ENGIN 183D PRODUCT MANAGEMENT

Product Managers play an increasingly critical role in modern technology companies. They are charged with ensuring an organization is laser focused on creating valuable and highly usable products and services, to address pain-points and unmet-needs for their target customers. In this course, you will learn essential Product Management skills by putting theory into practice, on a product or idea of your choosing. You will learn techniques to accelerate product success and avoid common mistakes. You will work in a team comprising of students from engineering, design, business and other backgrounds. This will simulate real-world cross-functional environments where people with different skills collaborate to build a successful product.

ENGIN 183-001 DEPLASTIFY THE PLANET

The world is drowning in plastic that we’ve created, most of which takes hundreds of years to decompose. It is a disaster choking our oceans, poisoning our food chains and clogging our landfills. To solve this problem, we must find ways to replace or at least reduce plastic in manufacturing, to reuse, recycle or re-purpose plastic currently in use, to rescue discarded plastic from oceans or landfills, and to dispose of plastic responsibly.

ESPM 150-2 FUNG FELLOWSHIP – CONSERVATION + TECH SEMESTER 1

Throughout the Fung Fellowship program, a diverse cohort of undergraduate students participate in a cross-disciplinary, experience-based curriculum that integrates design thinking and an immersive community experience. Fellows work in teams to develop technology solutions to address conservation and biodiversity challenges facing our plant and animal species and their ecosystems. This course provides a space for teamwork, project-based learning, and working with industry & community partners.

ME 102B MECHATRONICS DESIGN

Introduction to design and realization of mechatronics systems. Micro computer architectures. Basic computer IO devices. Embedded microprocessor systems and control, IO programming such as analogue to digital converters, PWM, serial and parallel outputs. Electrical components such as power supplies, operational amplifiers, transformers and filters. Shielding and grounding. Design of electric, hydraulic and pneumatic actuators. Design of sensors. Design of power transmission systems. Kinematics and dynamics of robotics devices. Basic feedback design to create robustness and performance.

ME 136/236U INTRODUCTION TO CONTROL OF UNMANNED AERIAL VEHICLES

This course introduces students to the control of unmanned aerial vehicles (UAVs). The course will cover modeling and dynamics of aerial vehicles, and common control strategies. Laboratory exercises allow students to apply knowledge on a real system, by programming a microcontroller to control a UAV.
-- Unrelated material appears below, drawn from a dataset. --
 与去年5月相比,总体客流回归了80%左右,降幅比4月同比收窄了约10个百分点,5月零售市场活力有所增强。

ME 292C / DES INV 190-1 HUMAN CENTERED DESIGN METHODS

This course provides hands-on and real world experience in the development of innovative and realistic customer-driven engineered products, services or systems. Design methods and tools are introduced, and the student’s design ability is developed in a capstone design project or equivalent. The course is organized around the following modules: design research, analysis & synthesis, concept generation & creativity, prototyping, communication & visualization. Students will be expected to use tools and methods of professional practice and use these tools to consider the social, economic and environmental implications of their products, services or systems. There is an emphasis on hands-on innovative thinking and professional practice. We will engage product designers from industry as speakers and coaches.
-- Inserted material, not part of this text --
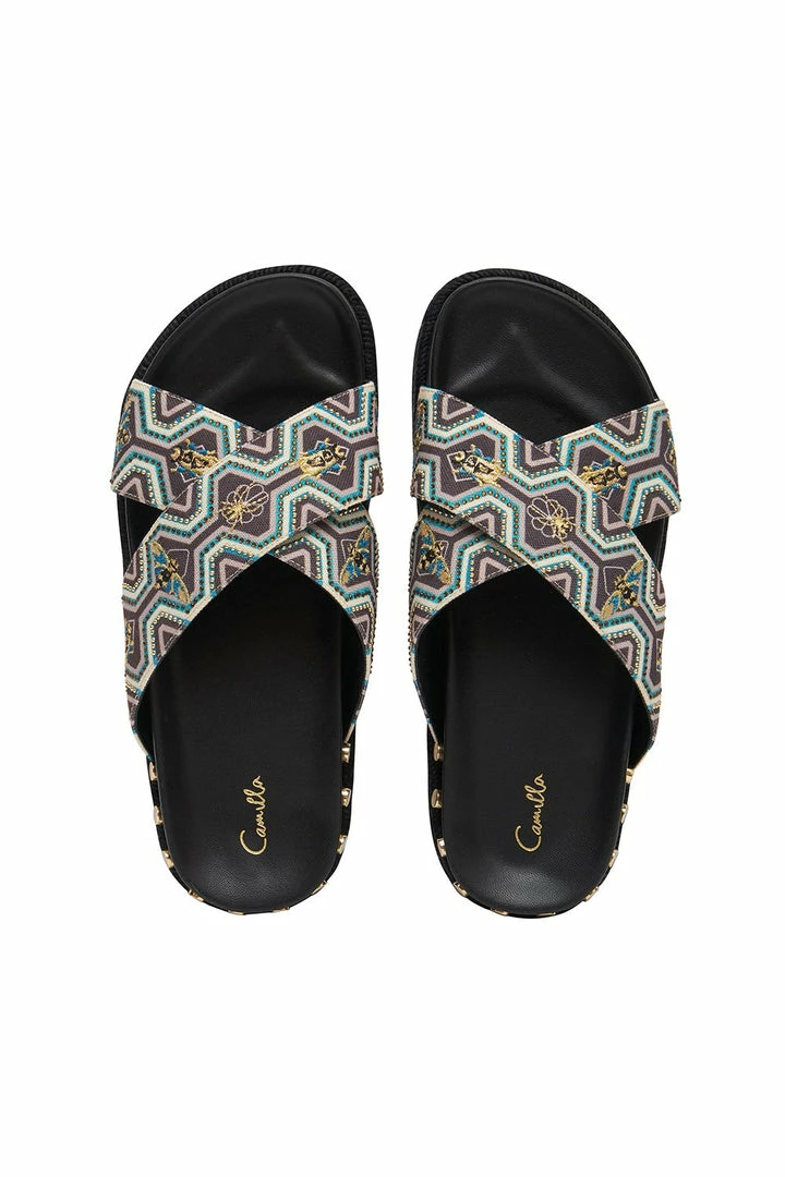 Featuring adorable printed canvas straps, gold studded heel, leather footbed for added comfort and crystal embellishments adorning the honeycomb printed upper.

SPH 188 FUNG FELLOWSHIP – HEALTH + TECH SEMESTER 1

Throughout the Fung Fellowship program, a diverse cohort of undergraduate students participate in a cross-disciplinary, experience-based curriculum that integrates design thinking and an immersive community experience. Fellows work in teams to develop technology solutions to address the real-world public health challenges facing at-risk populations. This course provides a space for teamwork and project-based learning.